DESCRIPTION (provided by applicant): The goal of this project is to identify and characterize clinically actionable mutations in all known breast cancer genes so that they can be incorporated into clinical care. DNA samples from 3000 cases and 2000 ancestry matched controls will be sequenced for all known breast cancer genes. Germline mutations will be evaluated with respect to function and relative risk of breast cancer. The discovery and characterization of clinically actionable variants in breast cancer genes involves three aims. In AIM 1, we will sequence all 18 known breast cancer genes in DNA samples from 3000 women with breast cancer and 2000 ancestry-matched controls. In parallel, we will similarly evaluate 6 new candidate genes for inherited breast cancer that have emerged from our independent family studies. For all characterizations, we will use our recently developed approach for simultaneous capture and multiplexed sequencing, to >300-fold median coverage, of exons, introns, regulatory, and flanking intergenic regions of breast cancer genes. In AIM 2, we will identify all variants predicted to lead to loss of gene function, including truncating mutations (whether nonsense, frameshifts, disrupting CNV and so on), complete genomic deletions, and putatively damaging missense mutations. We will assess all variants for effect on gene function using bioinformatics tools. Variants with possible splice effects will be evaluated by RT-PCR of patient RNA and ex vivo minigenes. The most promising missense alleles will be tested experimentally for DNA damage response, loss of enzyme activity and other functional assays as appropriate. In AIM 3, we will test the strength of association of breast cancer with each of the 24 genes, based on the combined frequency of unambiguous loss-of-function mutations in cases vs controls. Relative risks will be estimated for each gene. The challenge of integrating genomics into clinical care is timely now for inherited predisposition to breast cancer, because multiple causal genes are known, specialized breast screening modalities are available, risk- reducing surgery is effective, and treatment of breast cancer is influenced by the patient's genotype.
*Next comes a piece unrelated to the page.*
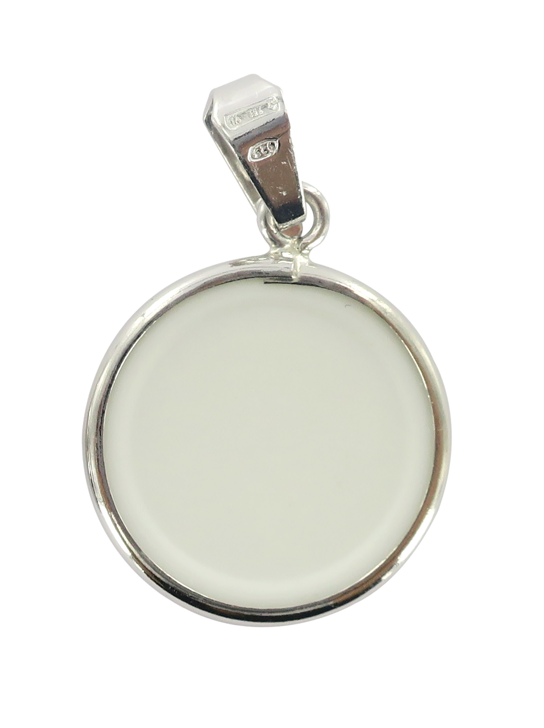 Il bordo in argento 925 incornicia il tutto. Il diametro è di cm 1,8. Il peso è di 1,5 gr. Realizzato in Italia.

The goal of this project is to provide the information and technology necessary for this translation.

描述（由申请人提供）：该项目的目标是识别和表征所有已知乳腺癌基因中的临床可行突变，以便将其纳入临床护理。将对3000例病例和2000例血统匹配对照的DNA样本进行所有已知乳腺癌基因的测序。生殖系突变将在乳腺癌的功能和相对风险方面进行评价。发现和表征乳腺癌基因中临床上可操作的变体涉及三个目标。在AIM 1中，我们将对来自3000名乳腺癌患者和2000名祖先匹配的对照的DNA样本中的所有18个已知乳腺癌基因进行测序。与此同时，我们将同样评估6个新的遗传性乳腺癌候选基因，这些基因是从我们的独立家族研究中出现的。对于所有表征，我们将使用我们最近开发的方法，用于同时捕获和多重测序，以>300倍的中值覆盖率，乳腺癌基因的外显子、内含子、调控和侧翼基因间区域。在AIM 2中，我们将鉴定所有预测会导致基因功能丧失的变体，包括截短突变（无论是无义突变、移码突变、破坏CNV等）、完全基因组缺失和致突变性错义突变。我们将使用生物信息学工具评估所有变体对基因功能的影响。将通过患者RNA和离体小基因的RT-PCR评价具有可能剪接效应的变体。将对最有希望的错义等位基因进行DNA损伤反应、酶活性损失和其他适当功能测定的实验测试。在AIM 3中，我们将根据病例与对照组中明确的功能丧失突变的组合频率来测试乳腺癌与24个基因中的每一个的关联强度。将估计每个基因的相对风险。将基因组学整合到临床护理中的挑战对于乳腺癌的遗传易感性来说是及时的，因为已知多种致病基因，可以使用专门的乳腺筛查模式，降低风险的手术是有效的，并且乳腺癌的治疗受患者基因型的影响。该项目的目标是提供翻译所需的信息和技术。